WORK INSTRUCTION:
Restate word for word the lines below from the one that has "Zgadnij kto to? w" through the one that has "- 아마존은 지난 2분기", keeping both and dropping all pictures.

RECORDED DATA:
>>>
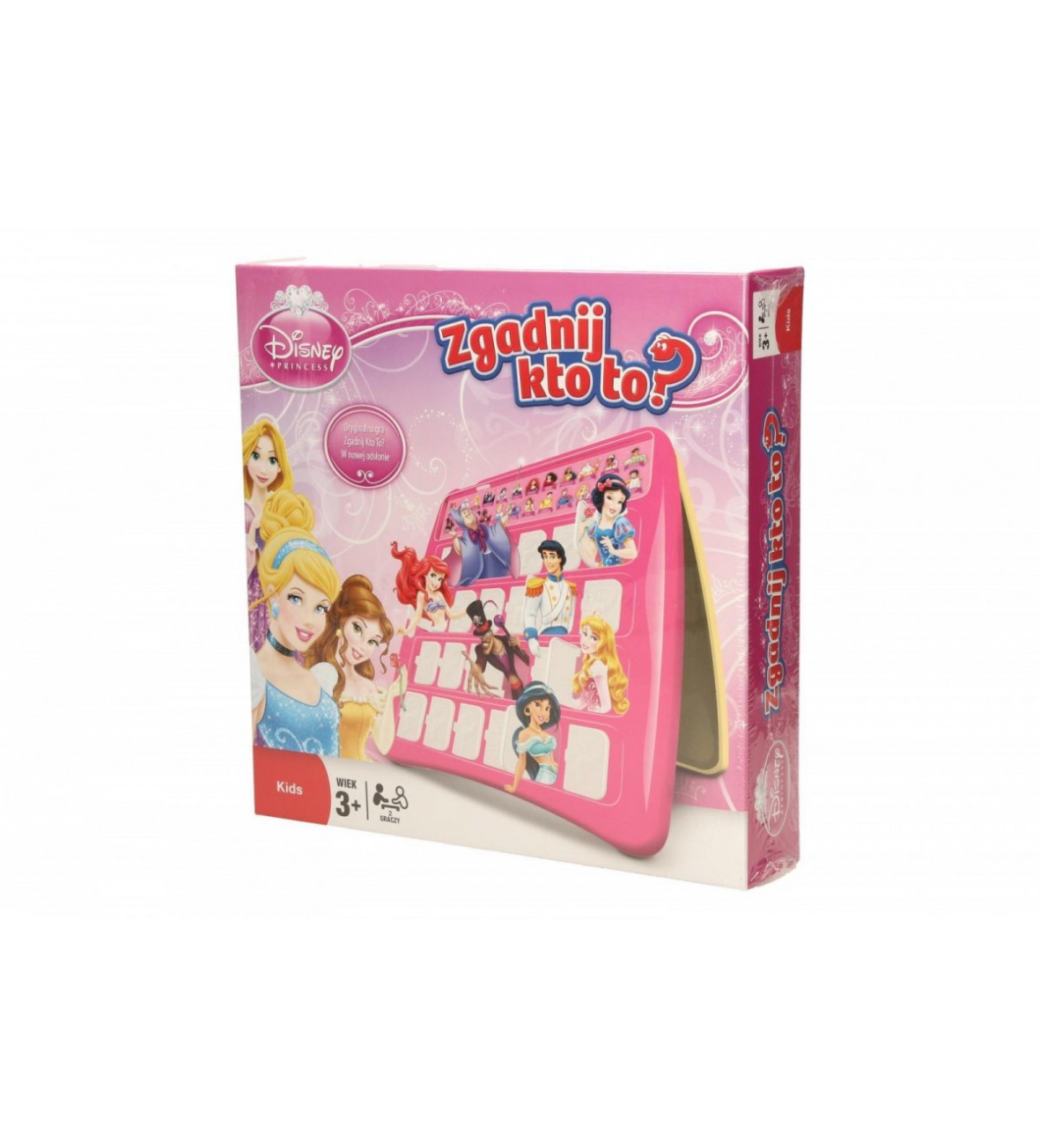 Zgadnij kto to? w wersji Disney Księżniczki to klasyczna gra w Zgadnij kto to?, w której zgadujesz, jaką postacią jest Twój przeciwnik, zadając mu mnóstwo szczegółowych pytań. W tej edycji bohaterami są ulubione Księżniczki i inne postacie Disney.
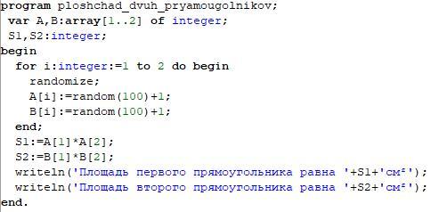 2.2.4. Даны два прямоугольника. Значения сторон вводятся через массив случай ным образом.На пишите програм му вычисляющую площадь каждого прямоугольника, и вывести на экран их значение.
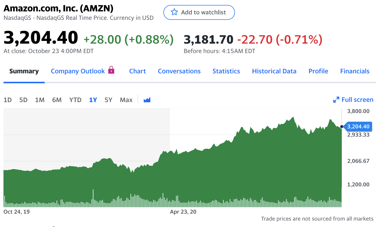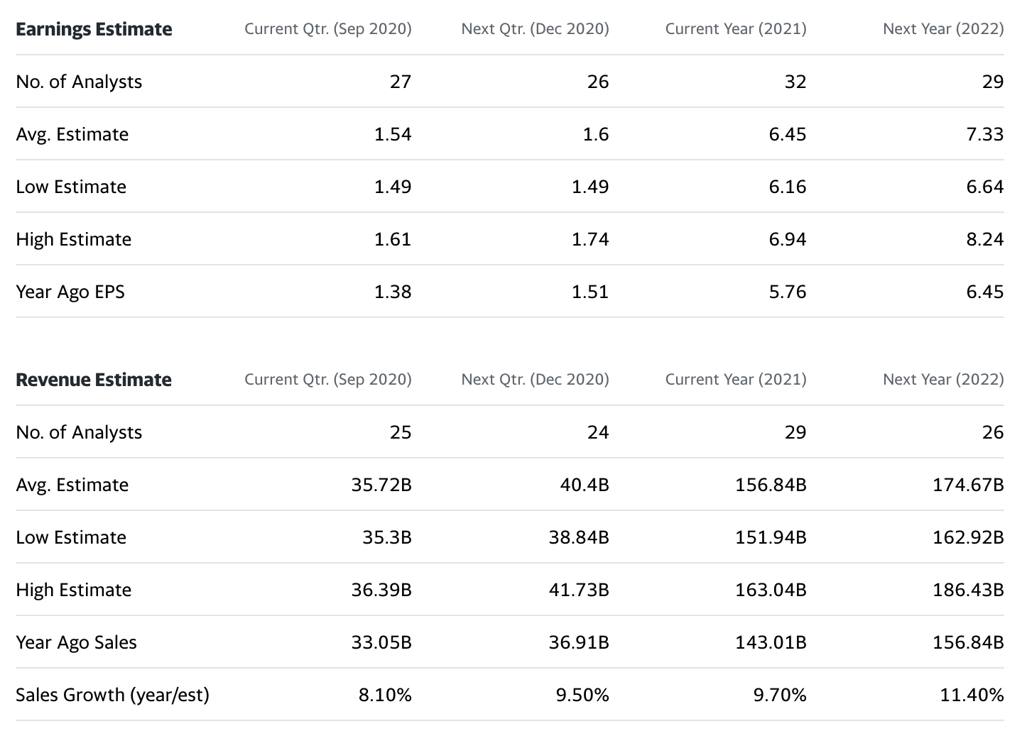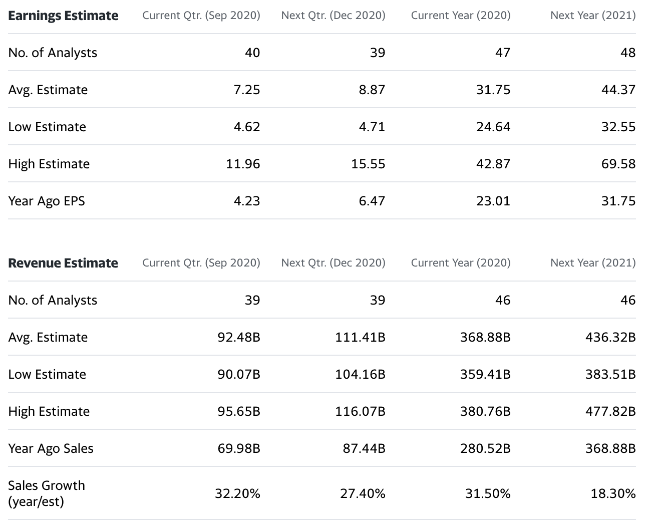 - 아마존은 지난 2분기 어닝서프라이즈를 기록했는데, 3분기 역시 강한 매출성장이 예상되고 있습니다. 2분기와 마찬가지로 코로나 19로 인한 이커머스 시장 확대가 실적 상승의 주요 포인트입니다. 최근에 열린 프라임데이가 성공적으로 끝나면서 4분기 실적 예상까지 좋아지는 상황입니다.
<<<
>>>
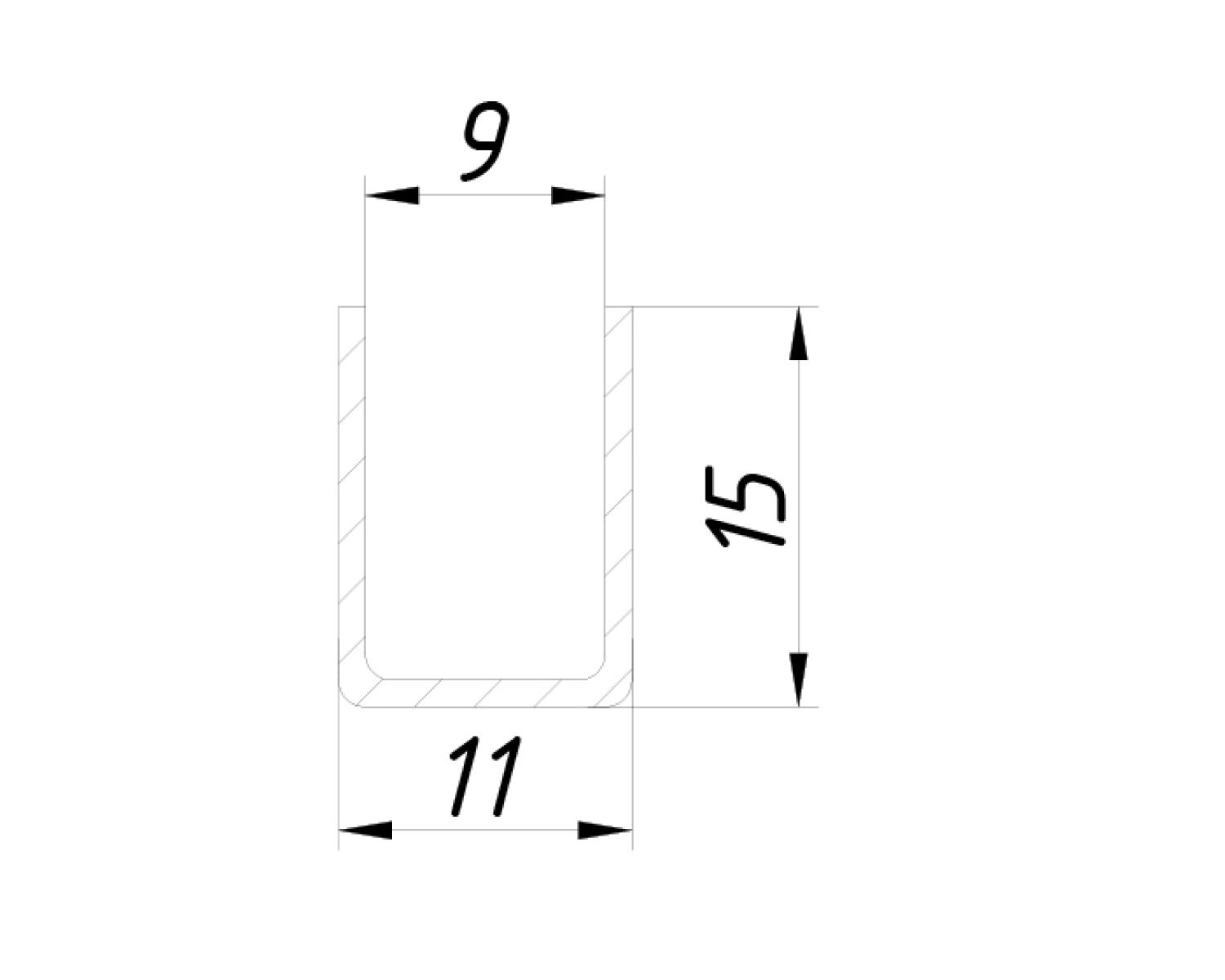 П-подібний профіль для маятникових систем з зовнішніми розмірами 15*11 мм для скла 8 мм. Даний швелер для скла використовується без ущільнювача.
<<<
ANSWER FOR THIS EXERCISE:
 Zgadnij kto to? w wersji Disney Księżniczki to klasyczna gra w Zgadnij kto to?, w której zgadujesz, jaką postacią jest Twój przeciwnik, zadając mu mnóstwo szczegółowych pytań. W tej edycji bohaterami są ulubione Księżniczki i inne postacie Disney.
 2.2.4. Даны два прямоугольника. Значения сторон вводятся через массив случай ным образом.На пишите програм му вычисляющую площадь каждого прямоугольника, и вывести на экран их значение.
 - 아마존은 지난 2분기 어닝서프라이즈를 기록했는데, 3분기 역시 강한 매출성장이 예상되고 있습니다. 2분기와 마찬가지로 코로나 19로 인한 이커머스 시장 확대가 실적 상승의 주요 포인트입니다. 최근에 열린 프라임데이가 성공적으로 끝나면서 4분기 실적 예상까지 좋아지는 상황입니다.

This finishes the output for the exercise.